Homeward Bound (Barry Altschul, Billy Bang and Joe Fonda)

is a collective improvisation and also a good representation of the approach that the FAB Trio used in starting most of its live performances. Typically, a concert would begin with Bang playing some long tones and Fonda and Altschul joining in based upon the feeling created, with the song and the energy then building and opening up and going wherever the band wanted it to go at that particular moment.

Implications (Barry Altschul, Billy Bang and Joe Fonda)
is a sound exploration using the textural and timbral possibilities offered by the trio. It later moves into what the trio´s members would call the FAB funk feel.

For Bea (Barry Altschul, Billy Bang and Joe Fonda)
is an improvised ballad. It is dedicated to Beatrice Rivers, the spouse and partner of Sam Rivers from their early years together in Boston until her passing just a few days before this recording. Word of Bea Rivers´ death only reached the members of the FAB Trio in the studio and they immediately decided to play a collective improvisation in her memory as they had all known her. Altschul and Bang in particular had been close to both Bea and Sam Rivers.

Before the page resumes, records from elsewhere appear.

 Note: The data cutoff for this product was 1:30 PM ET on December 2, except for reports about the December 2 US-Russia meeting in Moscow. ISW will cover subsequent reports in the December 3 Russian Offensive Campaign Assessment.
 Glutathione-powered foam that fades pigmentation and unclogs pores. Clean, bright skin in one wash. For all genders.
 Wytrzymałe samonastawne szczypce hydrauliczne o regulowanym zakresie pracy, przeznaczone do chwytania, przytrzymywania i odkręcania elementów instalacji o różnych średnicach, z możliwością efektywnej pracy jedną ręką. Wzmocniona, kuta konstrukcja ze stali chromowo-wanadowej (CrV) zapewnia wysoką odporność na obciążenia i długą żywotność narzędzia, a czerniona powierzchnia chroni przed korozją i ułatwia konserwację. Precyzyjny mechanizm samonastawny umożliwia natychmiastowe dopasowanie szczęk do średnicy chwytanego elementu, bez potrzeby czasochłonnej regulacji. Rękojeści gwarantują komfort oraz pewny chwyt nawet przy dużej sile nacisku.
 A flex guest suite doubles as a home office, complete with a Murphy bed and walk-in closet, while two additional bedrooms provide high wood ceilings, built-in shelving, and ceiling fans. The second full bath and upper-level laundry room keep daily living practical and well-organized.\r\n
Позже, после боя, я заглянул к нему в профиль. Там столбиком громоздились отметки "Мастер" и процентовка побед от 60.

From Here to There (Barry Altschul, Billy Bang and Joe Fonda)
is a collective improvisation that begins with one of Altschul´s powerful and creative drum solos, which then leads to an up-tempo rhythm that Altschul is a master at playing. As Fonda says: "It is fast, I mean very fast; hold on my friends".

Chan Chan (Compay Segundo)
is a tune that Bang brought to the FAB Trio and also performed with his own group. The song became known to the broader audiences as the first song to be heard on Buena Vista Social Club, the popular documentary film and album that introduced international audiences to the traditional forms of Cuban music and some of its performers. The FAB Trio often played "Chan Chan" as an encore. In their performance, you can hear the Latin music that both Bang and Altschul grew up with in the Bronx. A very different version of "Chan Chan", featuring two Latin percussionists, was also included on the Billy Bang Group´s recording Prayer for Peace (TUM CD 018).

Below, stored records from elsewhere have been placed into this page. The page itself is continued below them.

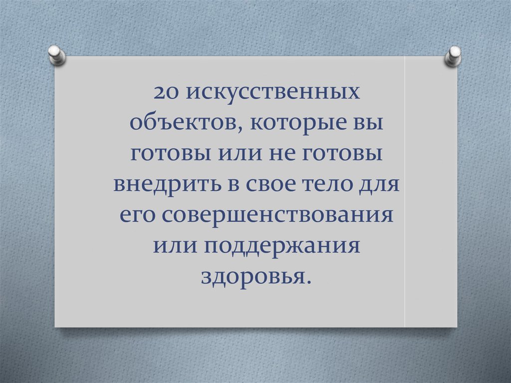 1. 20 искусственных объектов, которые вы готовы или не готовы внедрить в свое тело для его совершенствования или поддержания
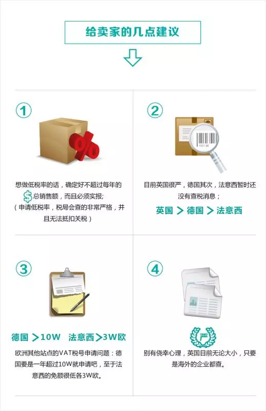目前欧洲电商市场VAT形势越发严峻,已经意味着全额征税是不可逆的趋势,目前合规缴税是大势所趋,中国跨境卖家在VAT问题上,早日阳光化,才能走的更长远。
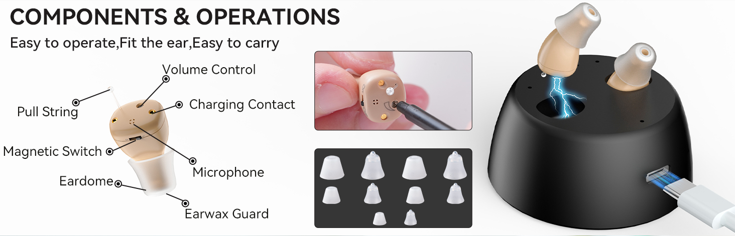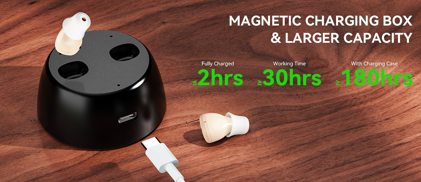 No need to replace batteries. These rechargeable hearing aids for seniors come with a magnetic USB charging dock. A full charge takes just 2-3 hours and provides up to 30 hours of continuous use—perfect for all-day comfort and performance.
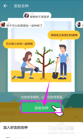 发起成功后,可以看到如图所示。接下来,就可以合种树苗了。
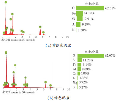 通过XRD分析可知,褐色、紫红色等泥岩中赤铁矿、针铁矿占比较高,初步分析其Fe元素含量对泥岩颜色有一定影响。分别选取紫红色和绿色泥岩试样,分析其元素组成,测试结果如 图 11所示。
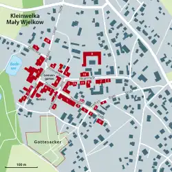 Um 1850, Kern womöglich älter | Das Rittergut wurde 1345 erstmals erwähnt. Anfang des 18. Jahrhunderts wechselte es häufig den Besitzer, zwischen 1701 und 1705 sind fünf Besitzerwechsel vermerkt. Der nichtadlige Verwalter Matthäus Lange kaufte 1746 das Gut, nachdem sich niemand vom Adel für es interessiert hatte. Lange stellte es 1751 den erweckten Sorben als ersten Versammlungsraum zur Verfügung. Der erste Prediger der Kleinwelkaer Gemeine, Wilhelm Biefer, wohnte in diesem Gut. Zwischen 1752 und 1758 zur Einweihung des Betsaals befand sich hier der Versammlungssaal.
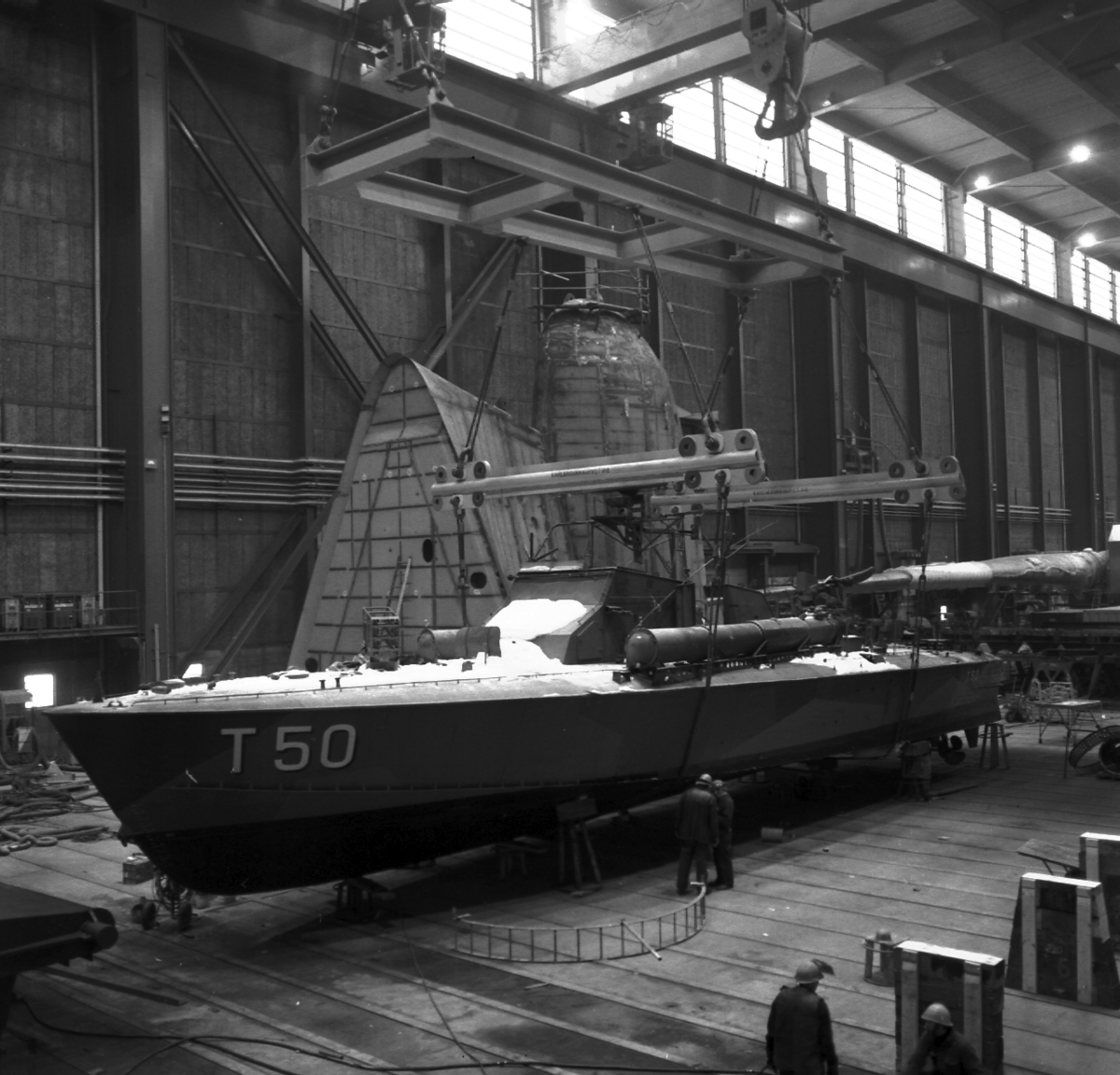 Lyft av torpedbåten T 50 i montagehallen
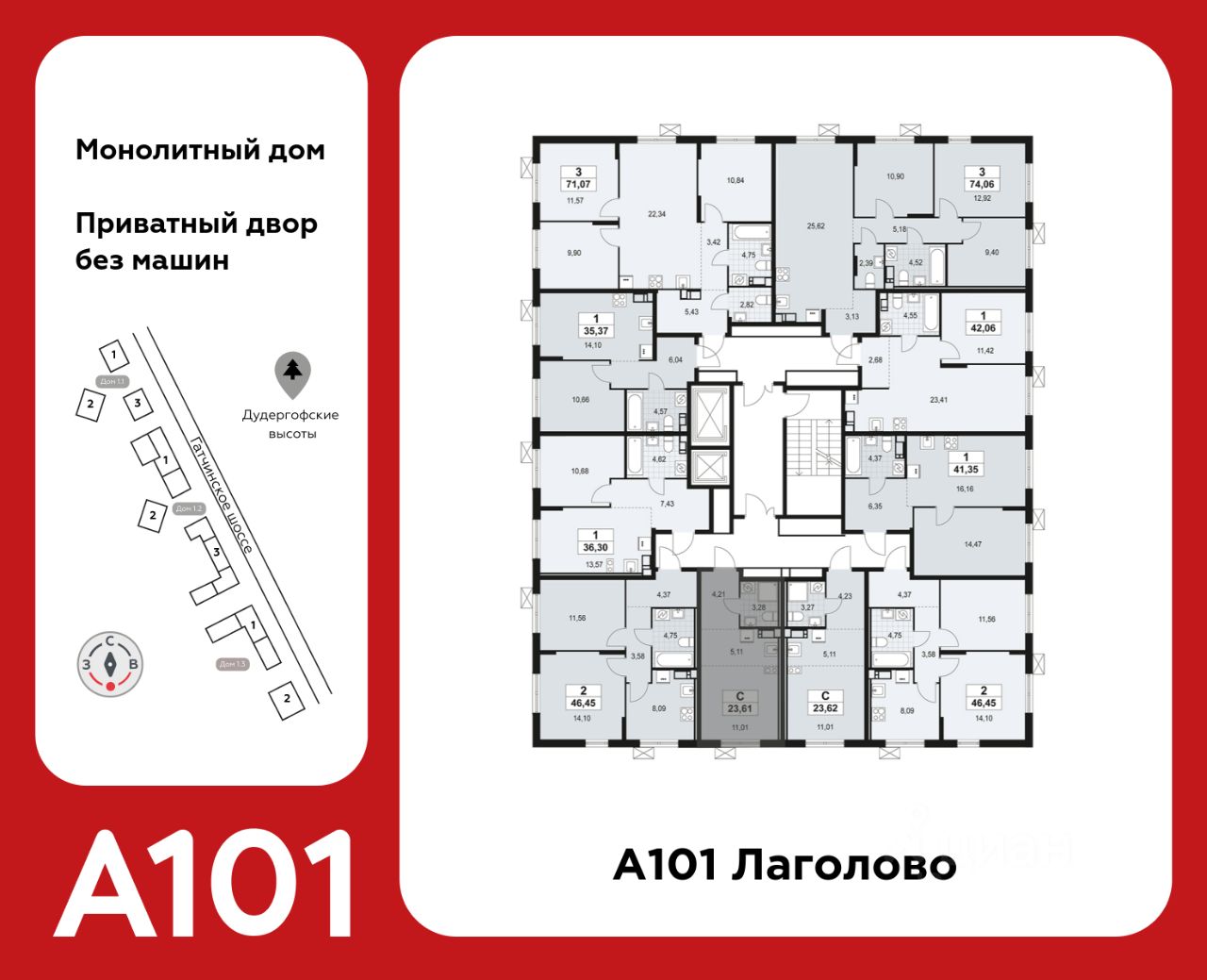 "А101 Лаголово" - современный город у подножия знаменитых Дудерговских высот, в объятиях чистейших озер и зеленых живописных массивов, наполненный всем необходимым для счастливой жизни.

History of Jazz in Reverse (Barry Altschul, Billy Bang and Joe Fonda)
begins with the FAB Trio´s collective improvisation, exploring once again the trio´s sound and textural possibilities. The song then moves into a deep swinging groove that exemplifies their connection to and relationship with the tradition of the music we call "Jazz".

One for Don Cherry (Billy Bang)
is a Billy Bang composition dedicated to someone he deeply loved, Don Cherry.

From the Waters of New Orleans (Barry Altschul, Billy Bang and Joe Fonda)
is a dedication to the culture of one of America´s greatest cities and the struggle of its people to survive and to rebuild after the waters rose too high and the levies broke.